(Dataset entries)
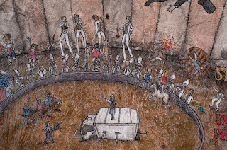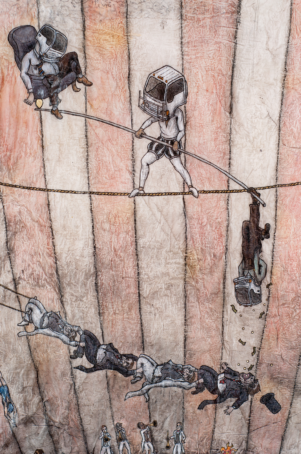 Jade Townsend’s new body of work, Leviathan, assembles an absurd and fragmented narrative. As told by an amalgam of outcasts – the rebel, the orphan, the mystic – a coalescing set of stories manifests as a sculptural passageway through which to pass and return. Similar to his past mixed media sculptures and installations that critique and intensify tragic sociopolitical realities, Leviathan layers multiple myths and allegories, along with their archetypal characters, to pursue the conflicting destinations of contentment and rebellion. Whether or not such a goal is achievable is of little concern. Rather, as Townsend has continued exorcise in his work, it is the failure to see what is given up as we seek what we wish to gain. “Now, from this peculiar sideway position of the whale's eyes, it is plain that he can never see an object which is exactly ahead, no more than he can one exactly astern.” Moby Dick In Townsend’s account, the inevitable blind spot of futile pursuits is reified in the gallery as an abandoned commercial box truck. Entered through the rear of its empty corpus and delivered to the decapitated head, the everyday Leviathan is simultaneously the whale and the ship that sought its demise. As it lies in state, the delivery truck serves as a prop of triumph and defeat. Surrounded by drawn imagery of misguided rebels, reckless strivers and their delusional conquests and superstitions, the gutted beast foretells their fate. Unable to see what is in front of them, the vision-impaired Ahab, Sisyphus, and the tarot reader mingle together, each interrupting the others’ tales of implacable affliction and curse.
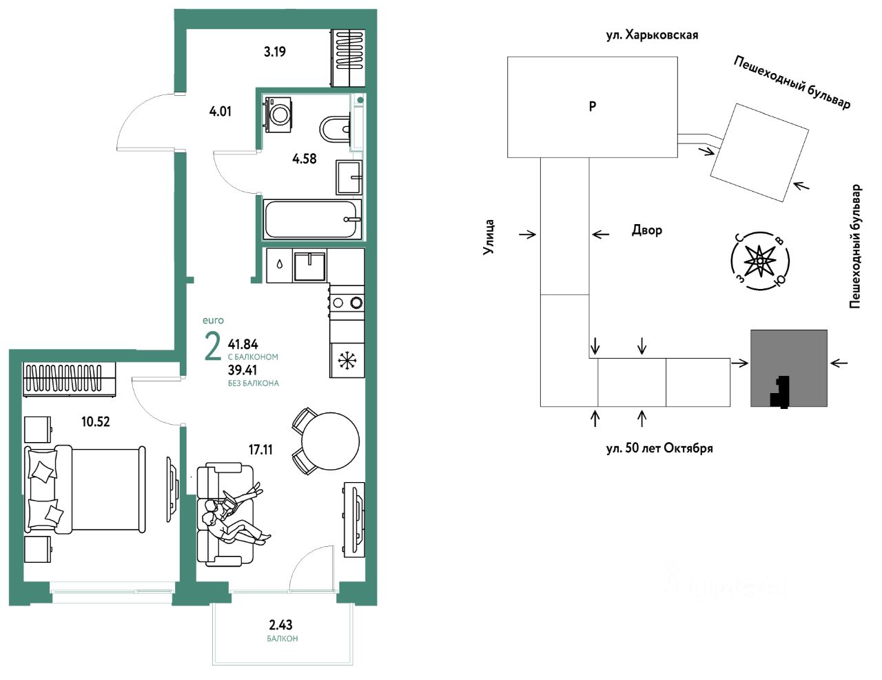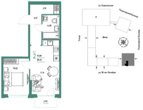 Продается 2комнатная квартира на 8 этаже от застройщика Страна Девелопмент. Площадь квартиры 41,84 кв. м.
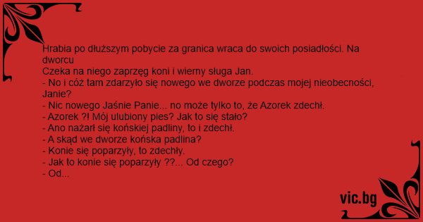 - Nic nowego Jaśnie Panie... no może tylko to, że Azorek zdechł.
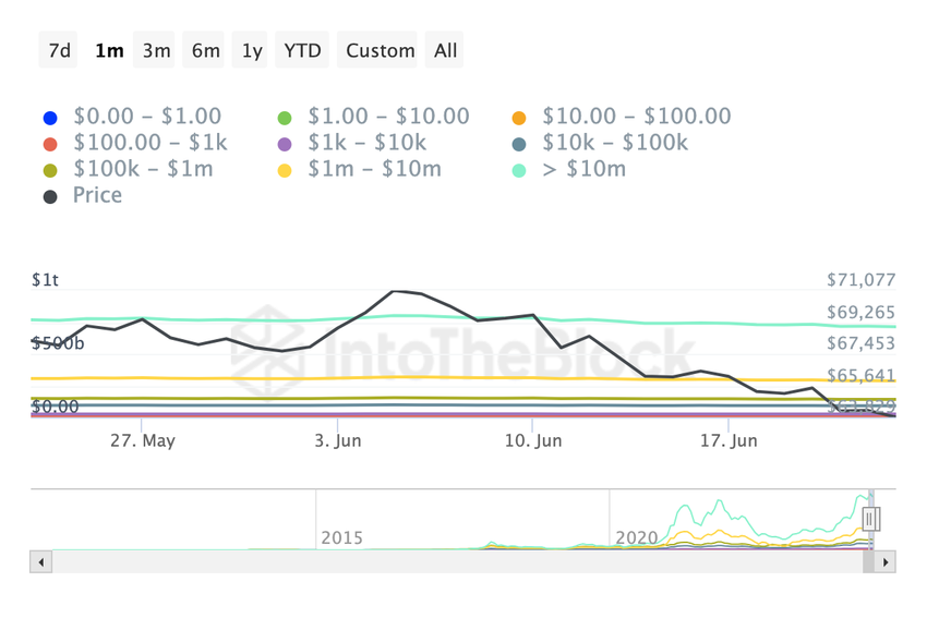 Viimeisen 30 päivän aikana osoitteita, joissa on BTC:tä 100–10 miljoonan dollarin arvosta, on myyty. Kysynnän ja tarjonnan peruslakeja käyttäen nämä myynnit asettavat Bitcoinin suuren laskun vaaraan.
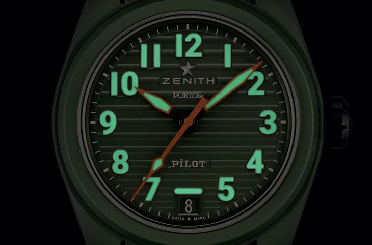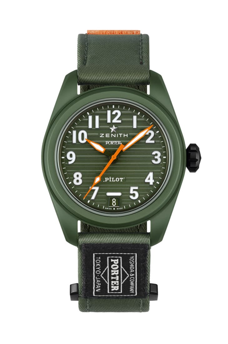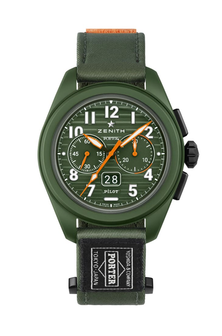 回到手錶本身,兩款中較入門的Pilot Automatic PORTER自動錶,它的綠色陶瓷錶殼經過霧面處理,展現粗獷豪邁的運動風格,至於大型的錶冠則是經過黑色PVD處理,和綠色錶殼搭配蠻合拍的。手錶面盤飾有靈感來自以波紋金屬板拼接而成的古董飛機機身,它的顏色與錶殼一致,另外在面盤12點方向的ZENITH標誌下也多加了PORTER標誌,即使換上沒有布標的橡膠錶帶,還是可以展示出聯名作品的身份。Pilot Automatic PORTER自動錶面盤上的阿拉伯數字時標都填上白色的Super-LumiNova夜光塗層,當然指針上也不例外,ZENITH特別將三針設計成橘色,在綠色面盤烘托下閱讀時間輕鬆寫意,而且選用橘色別有用意,因為這是許多吉田包內襯的顏色,這讓手錶看在吉田包粉絲眼裡超有親切感。

> _About this task_
Each entry above should be given again exactly, with its pictures omitted.

> _Exercise answer_
 Jade Townsend’s new body of work, Leviathan, assembles an absurd and fragmented narrative. As told by an amalgam of outcasts – the rebel, the orphan, the mystic – a coalescing set of stories manifests as a sculptural passageway through which to pass and return. Similar to his past mixed media sculptures and installations that critique and intensify tragic sociopolitical realities, Leviathan layers multiple myths and allegories, along with their archetypal characters, to pursue the conflicting destinations of contentment and rebellion. Whether or not such a goal is achievable is of little concern. Rather, as Townsend has continued exorcise in his work, it is the failure to see what is given up as we seek what we wish to gain. “Now, from this peculiar sideway position of the whale's eyes, it is plain that he can never see an object which is exactly ahead, no more than he can one exactly astern.” Moby Dick In Townsend’s account, the inevitable blind spot of futile pursuits is reified in the gallery as an abandoned commercial box truck. Entered through the rear of its empty corpus and delivered to the decapitated head, the everyday Leviathan is simultaneously the whale and the ship that sought its demise. As it lies in state, the delivery truck serves as a prop of triumph and defeat. Surrounded by drawn imagery of misguided rebels, reckless strivers and their delusional conquests and superstitions, the gutted beast foretells their fate. Unable to see what is in front of them, the vision-impaired Ahab, Sisyphus, and the tarot reader mingle together, each interrupting the others’ tales of implacable affliction and curse.
 Продается 2комнатная квартира на 8 этаже от застройщика Страна Девелопмент. Площадь квартиры 41,84 кв. м.
 - Nic nowego Jaśnie Panie... no może tylko to, że Azorek zdechł.
 Viimeisen 30 päivän aikana osoitteita, joissa on BTC:tä 100–10 miljoonan dollarin arvosta, on myyty. Kysynnän ja tarjonnan peruslakeja käyttäen nämä myynnit asettavat Bitcoinin suuren laskun vaaraan.
 回到手錶本身,兩款中較入門的Pilot Automatic PORTER自動錶,它的綠色陶瓷錶殼經過霧面處理,展現粗獷豪邁的運動風格,至於大型的錶冠則是經過黑色PVD處理,和綠色錶殼搭配蠻合拍的。手錶面盤飾有靈感來自以波紋金屬板拼接而成的古董飛機機身,它的顏色與錶殼一致,另外在面盤12點方向的ZENITH標誌下也多加了PORTER標誌,即使換上沒有布標的橡膠錶帶,還是可以展示出聯名作品的身份。Pilot Automatic PORTER自動錶面盤上的阿拉伯數字時標都填上白色的Super-LumiNova夜光塗層,當然指針上也不例外,ZENITH特別將三針設計成橘色,在綠色面盤烘托下閱讀時間輕鬆寫意,而且選用橘色別有用意,因為這是許多吉田包內襯的顏色,這讓手錶看在吉田包粉絲眼裡超有親切感。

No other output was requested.